Good afternoon, everyone, and I apologize for that delay. We were having a problem with the audio and couldn't quite figure out whose end it was. So I do apologize, and we'll jump right in, and I'll try not to speak faster.

So quickly, I'm going to 'll talk about our operational highlights, where we've been and where we're going. First, I want to thank our shareholders for their support and feedback over the last few months. Obviously, the news received a few weeks ago was not something we expected, but we do think it's something manageable, then we'll get through that I'll talk about. Also, our MannKind employees who worked so hard during Q3 to ensure we are executing on all our 3 key priorities: Tyvaso DPI production and scale, progress of our pipeline and driving Afrezza growth in the U.S.

As you look at our revenue, we're really, really happy to see that in Q3 2021, we had $22 million in revenue, which was 45% over last year. And we look at Afrezza that grew 34% to $9.8 million over last year. And overall year-to-date, 35% total revenue growth and 25% on Afrezza. We're really proud of those results and look forward to continuing to drive future growth as we move forward.

When you look at orphan lung area, I want to talk about a couple of things. Number one, our United collaboration. I'll talk about the CRL on the next slide, but I want to let you know that we've begun commercial manufacturing, and we continue to hire and expand our facility in Danbury to handle the expected future demand coming from Tyvaso DPI. On the pipeline, I'm going to share some new data with you today. We had some really positive data come out in our pre-IND tox studies for inhaled clofazimine and plan to start Phase I here in Q4. Additionally, we're just ramping up formulation work with our TGF-beta for IPS, and also almost near done clofazimine DPI dosing in terms of inhalation.

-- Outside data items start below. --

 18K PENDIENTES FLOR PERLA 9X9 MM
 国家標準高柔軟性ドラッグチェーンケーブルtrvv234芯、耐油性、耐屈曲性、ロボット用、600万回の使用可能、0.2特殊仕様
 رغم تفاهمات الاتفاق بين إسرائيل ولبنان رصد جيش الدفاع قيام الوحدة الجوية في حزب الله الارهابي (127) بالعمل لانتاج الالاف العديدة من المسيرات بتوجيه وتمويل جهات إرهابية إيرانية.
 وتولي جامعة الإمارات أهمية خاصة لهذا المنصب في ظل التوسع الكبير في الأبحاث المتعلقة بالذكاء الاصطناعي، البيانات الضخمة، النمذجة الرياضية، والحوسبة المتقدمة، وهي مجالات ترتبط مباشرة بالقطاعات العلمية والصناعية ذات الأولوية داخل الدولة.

On the endocrine area, Afrezza experienced 16% growth year-over-year on paid prescriptions, as you may recall, we ended our free goods program in January of this year. We launched our pediatric trial in Q3. We currently enrolled patients, and we have 5 sites up and running as of today. In Q3, as we ended the quarter, we weren't happy with the direction we were going, and we decided to refocus our resources here in the U.S. as we came into Q4 by removing our -- any distractions related to that venue. Number one, we exited AMSL in Australia, and we ceased to co-promote Thyquidity effective in Q4. We believe our resources are best focused on these top free priorities, which is driving U.S. as the pipeline and UT collaboration. We will continue to look for potentially global partners for helping our ex U.S. strategy going forward, where our best short-term impact is to drive faster growth here in the U.S., which will ensure our success worldwide. On the liquidity front, we're really happy today to close the sale-leaseback for $102 million of proceeds on top of the $181 million we had at the end of September. I think as you see towards the end of my discussion today, we are well positioned for future growth and that capital will be used for great purposes.

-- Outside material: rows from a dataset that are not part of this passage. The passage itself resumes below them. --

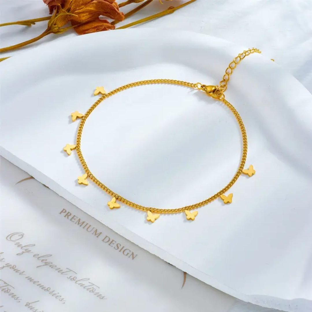 The Fluttering Mini Butterfly Anklet is a delicate and whimsical piece designed to add charm to your everyday look. Featuring a slim chain adorned with a tiny polished butterfly charm, it brings subtle sparkle and effortless elegance to any outfit. Lightweight and versatile, it’s perfect for layering or wearing solo as a minimal, chic accessory.
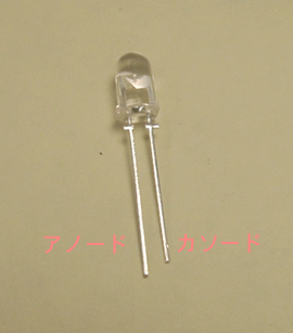 左の写真はノーマルのLEDで、右の足がカソードです。
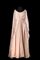 Abito da sera rosa pallido con maniche a pipistrello in chiffon decorato da paillettes color argento unito a un boa in piume en suite.
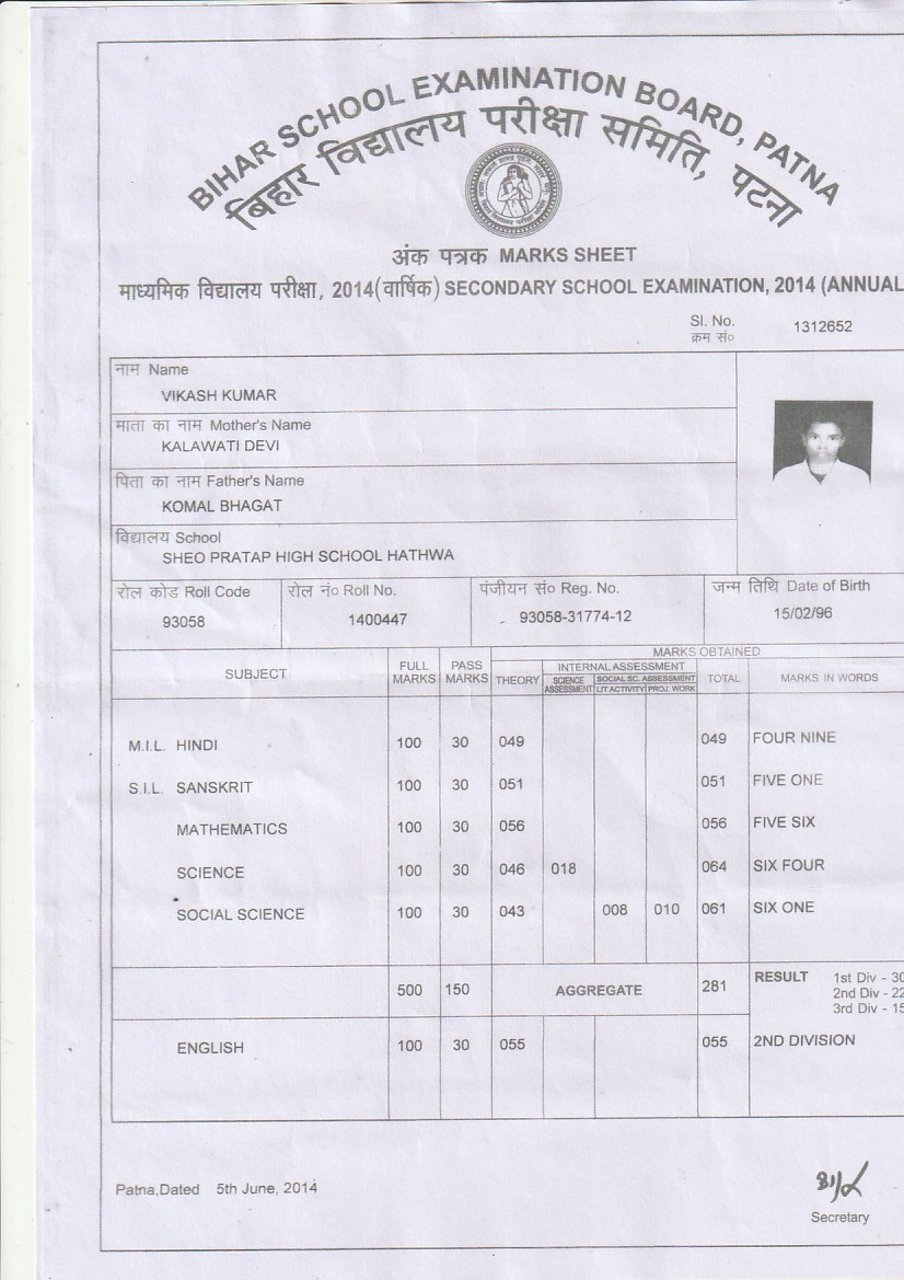 | : | Matric | |

On Tyvaso DPI, we do expect to be approved, hopefully with the United Therapeutics by the summer of 2022 or earlier. A complete response to receive noting a single deficiency on an open inspection issue at a third-party facility that performs analytic testing of treprostinil drug substance. This deficiency has absolutely nothing to do with treprostinil or our Tyvaso DPI product. The great news is we think it's draft labeling and we could see that we have the same indications of Tyvaso inhalation Solution for PH and ILD, and we didn't have any contraindications or box warning in the label. Citizens petition review is not completed, but is not cited as its efficiency in the CRL. [Unisys] focused on resolving this issue and getting approval for Tyvaso ASAP, which is no later than the summer of '22 or earlier. MannKind, we are focused on manufacturing pre-launch products and scaling up our factory for future indications.

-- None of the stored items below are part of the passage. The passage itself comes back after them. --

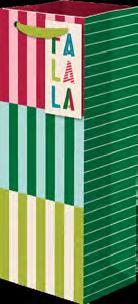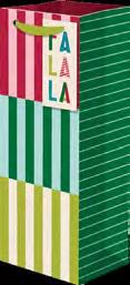 4.875 in x 13.625 in x 4.875 in $18.00 pack of 6 | $3.00 each printed on white kraft, grosgrain ribbon handle
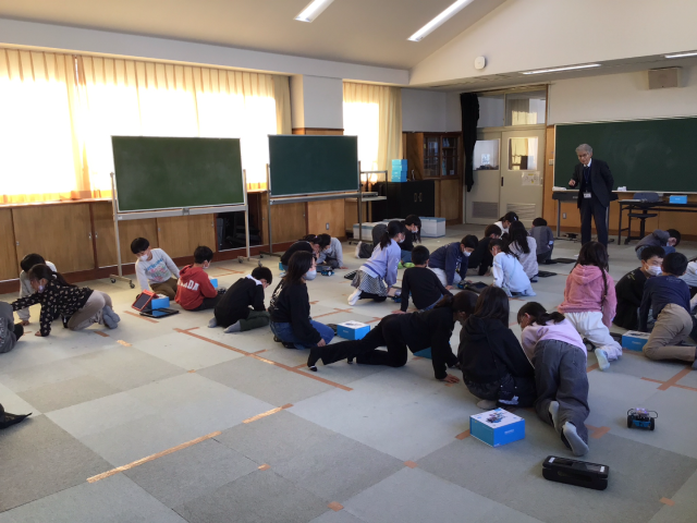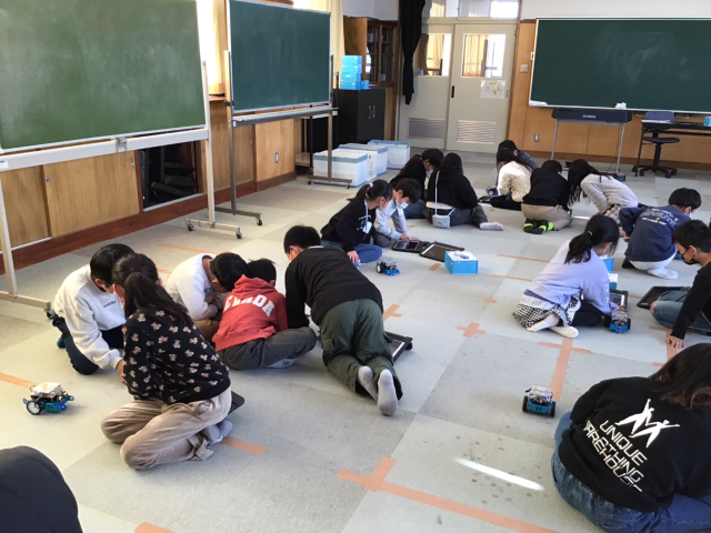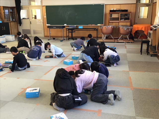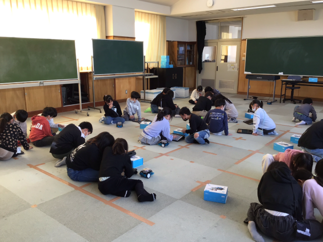 本日、mBotを使ったプログラミング授業を行いました。ICT支援員の方に教えていただきながら進めました。mBotを使うのは初めてだったので、夢中になってプログラムを組む姿が見られました。タブレットに表示されたミッションをクリアしようと、ペアで話し合い、楽しみながらプログラミングに取り組むことができました。
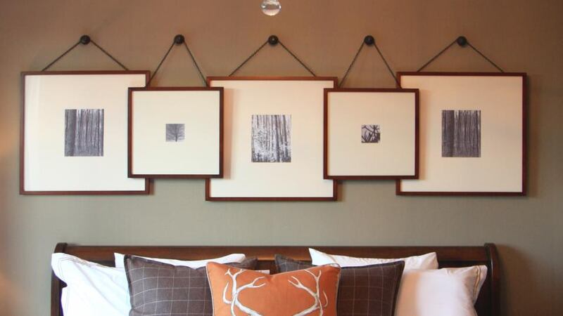 .com) symmetrical solution for prints features 1.2 cm (half inch) wide dark wood square frames ordered in two sizes. By placing the smaller squares on top of the larger one and adding texture through the use of chain to hang them from sizeable knobs she found at Pottery Barn (
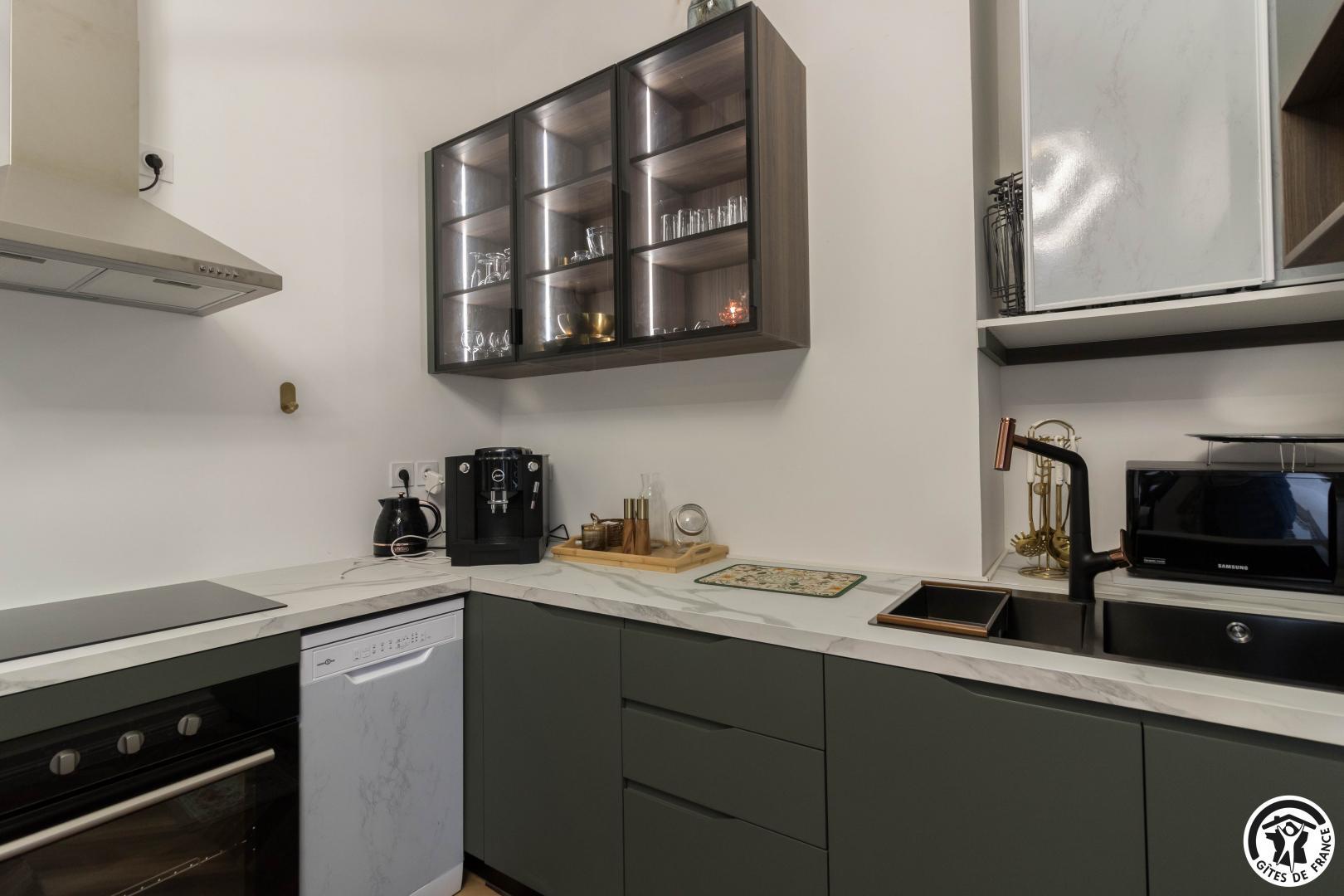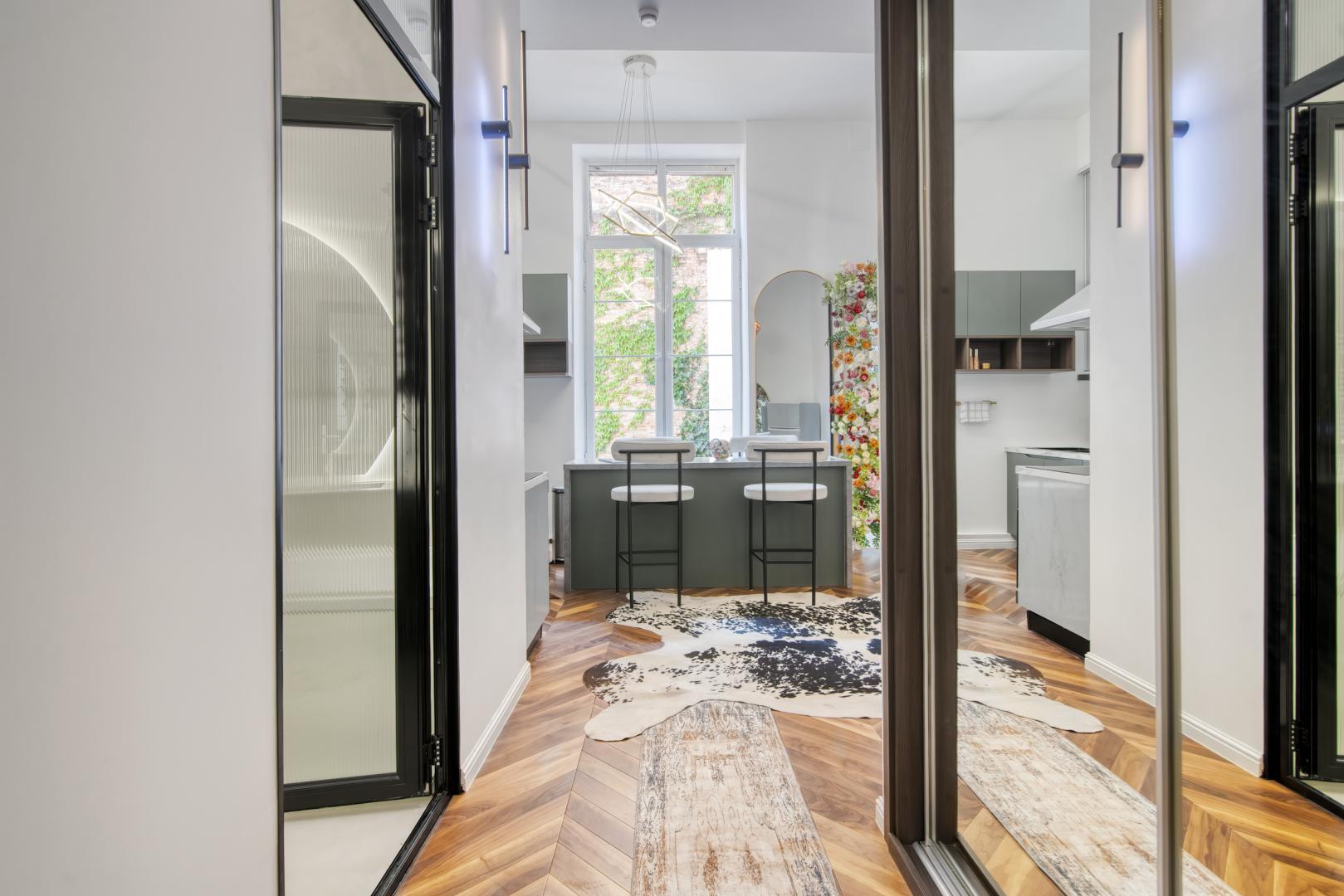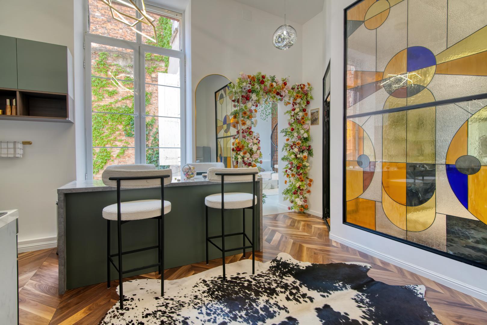 Un mariage parfait entre le vintage et le moderne, d’un style Antique invitant à des vacances en amoureux, mais aussi en famille ou entre amis…L’espace ne vous manquera pas dans ces 110m2, un luxe ! Le fait que l’appartement soit orienté côté cours, vous permettra de profiter d’un calme implacable pour télétravailler ou vous reposer.

As we look at Afrezza in the U.S., we had a very strong Q2, but we met with some headwinds early in Q3 as we focused on delta COVID shutdown offices again. We also had a distraction trying to get Thyquidity off the ground, which wasn't going the direction everyone wanted. That caused us to refocus our energy in Q4 as we got ready to end the quarter. Number one, the present pediatric study is scaling for enrollment as we now get more sites on board. Number 2, we've hired a primary care pilot in the (inaudible), only about 30 FTEs between the sales force and the commercial team running it, and that's on track for a January launch. The third focus is launching a consignment model with the top 3 pharmacy chain and what this means is instead of having middleman involved in our inventory chain of command, we will now have inventory stockpile with the third-party chain, which will improve patient access and ultimately decrease the cost of the [value] chain. Fourth, we'll be launching a pilot to improve patient retention during the first 12 weeks of treatment. We expect this to kick off in December. And we just launched something called the new Afrezza challenge with CGM called Seeing is Believing. And this has a -- first focus is about 160 doctors who've never written Afrezza, and we can see in the first 10 days, we had about 30% of the doctors writing first prescription for Afrezza. And we can see in Afrezza Assist, our reimbursement hub, our new prescriptions coming in are up 45% in the latest 4 weeks versus the Q3 average. So we see early signs of Q4 continue to turn momentum from what we saw as we exited Q3.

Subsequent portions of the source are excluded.